It should be noted that, in this embodiment, the above-mentioned terminal may be any terminal of any implementation manner in the method embodiment in this embodiment, any implementation manner of the terminal in the method embodiment in this embodiment may be implemented by the above-mentioned terminal in this embodiment, and the same beneficial effects are achieved, which are not described herein again.

In the several embodiments provided in this application, it should be understood that the disclosed methods and apparatus may be implemented in other ways. For example, the apparatus embodiments described above are merely illustrative, e.g., the division of the units is merely a logical function division, and there may be additional divisions when actually implemented, e.g., multiple units or components may be combined or integrated into another system, or some features may be omitted or not performed. Alternatively, the coupling or direct coupling or communication connection shown or discussed with each other may be an indirect coupling or communication connection via some interfaces, devices or units, which may be in electrical, mechanical or other form.

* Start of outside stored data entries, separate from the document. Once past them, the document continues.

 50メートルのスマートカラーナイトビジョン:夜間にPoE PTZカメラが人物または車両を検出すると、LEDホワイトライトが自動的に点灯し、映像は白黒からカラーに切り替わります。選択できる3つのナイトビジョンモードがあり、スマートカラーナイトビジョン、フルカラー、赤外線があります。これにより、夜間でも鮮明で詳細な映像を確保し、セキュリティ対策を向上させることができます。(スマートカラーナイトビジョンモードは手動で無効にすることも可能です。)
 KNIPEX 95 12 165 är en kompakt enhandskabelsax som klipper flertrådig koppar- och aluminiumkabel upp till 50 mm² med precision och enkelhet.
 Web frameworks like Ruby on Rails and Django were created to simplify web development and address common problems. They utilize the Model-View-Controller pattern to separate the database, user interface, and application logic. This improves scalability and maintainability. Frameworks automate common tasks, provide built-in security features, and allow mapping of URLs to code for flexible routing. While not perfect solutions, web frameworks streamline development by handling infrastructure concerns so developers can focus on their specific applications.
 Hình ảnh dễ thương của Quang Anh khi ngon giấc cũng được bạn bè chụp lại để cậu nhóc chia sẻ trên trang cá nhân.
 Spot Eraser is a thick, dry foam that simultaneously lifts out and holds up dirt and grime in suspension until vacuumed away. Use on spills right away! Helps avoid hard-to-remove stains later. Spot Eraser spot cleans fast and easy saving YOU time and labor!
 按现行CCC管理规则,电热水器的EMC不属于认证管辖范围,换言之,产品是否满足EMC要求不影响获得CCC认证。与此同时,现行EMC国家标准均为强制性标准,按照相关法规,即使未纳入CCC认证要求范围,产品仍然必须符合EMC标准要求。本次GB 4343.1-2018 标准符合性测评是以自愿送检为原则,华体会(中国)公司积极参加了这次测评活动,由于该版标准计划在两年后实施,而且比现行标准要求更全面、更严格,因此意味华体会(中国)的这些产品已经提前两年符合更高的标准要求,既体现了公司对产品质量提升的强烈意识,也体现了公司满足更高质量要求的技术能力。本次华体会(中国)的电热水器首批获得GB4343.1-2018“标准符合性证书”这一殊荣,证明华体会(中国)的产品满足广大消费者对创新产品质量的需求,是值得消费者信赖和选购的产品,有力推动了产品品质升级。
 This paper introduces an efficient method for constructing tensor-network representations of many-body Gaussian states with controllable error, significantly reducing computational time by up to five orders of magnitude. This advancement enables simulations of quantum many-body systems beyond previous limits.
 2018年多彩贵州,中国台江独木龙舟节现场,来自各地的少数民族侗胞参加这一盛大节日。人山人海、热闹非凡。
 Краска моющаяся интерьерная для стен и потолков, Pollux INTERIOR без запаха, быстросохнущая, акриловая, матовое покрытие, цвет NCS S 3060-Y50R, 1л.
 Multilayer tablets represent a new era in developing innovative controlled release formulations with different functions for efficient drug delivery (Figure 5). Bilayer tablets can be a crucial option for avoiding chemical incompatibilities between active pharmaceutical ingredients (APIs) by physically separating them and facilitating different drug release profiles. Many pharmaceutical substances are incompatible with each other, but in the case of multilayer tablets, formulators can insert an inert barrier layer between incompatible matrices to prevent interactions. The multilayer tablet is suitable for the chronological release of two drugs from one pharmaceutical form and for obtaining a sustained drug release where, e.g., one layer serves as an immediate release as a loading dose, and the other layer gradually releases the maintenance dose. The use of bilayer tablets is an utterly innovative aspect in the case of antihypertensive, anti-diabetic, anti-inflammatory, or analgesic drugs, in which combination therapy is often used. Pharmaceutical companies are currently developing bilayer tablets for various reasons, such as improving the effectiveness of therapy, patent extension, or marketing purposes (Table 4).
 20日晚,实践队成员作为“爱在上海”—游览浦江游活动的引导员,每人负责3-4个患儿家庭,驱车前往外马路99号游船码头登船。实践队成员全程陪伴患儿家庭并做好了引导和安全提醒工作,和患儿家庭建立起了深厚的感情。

In addition, each functional unit in the embodiments of the present invention may be integrated in one processing unit, or each unit may be physically included separately, or two or more units may be integrated in one unit. The integrated units may be implemented in hardware or in hardware plus software functional units.

The integrated units implemented in the form of software functional units described above may be stored in a computer readable storage medium. The software functional unit is stored in a storage medium and includes instructions for causing a computer device (which may be a personal computer, a server, or a network device, etc.) to perform part of the steps of the method for processing information data blocks according to the embodiments of the present invention. And the aforementioned storage medium includes: a U-disk, a removable hard disk, a Read-Only Memory (ROM), a random access Memory (Random Access Memory, RAM), a magnetic disk, or an optical disk, or other various media capable of storing program codes.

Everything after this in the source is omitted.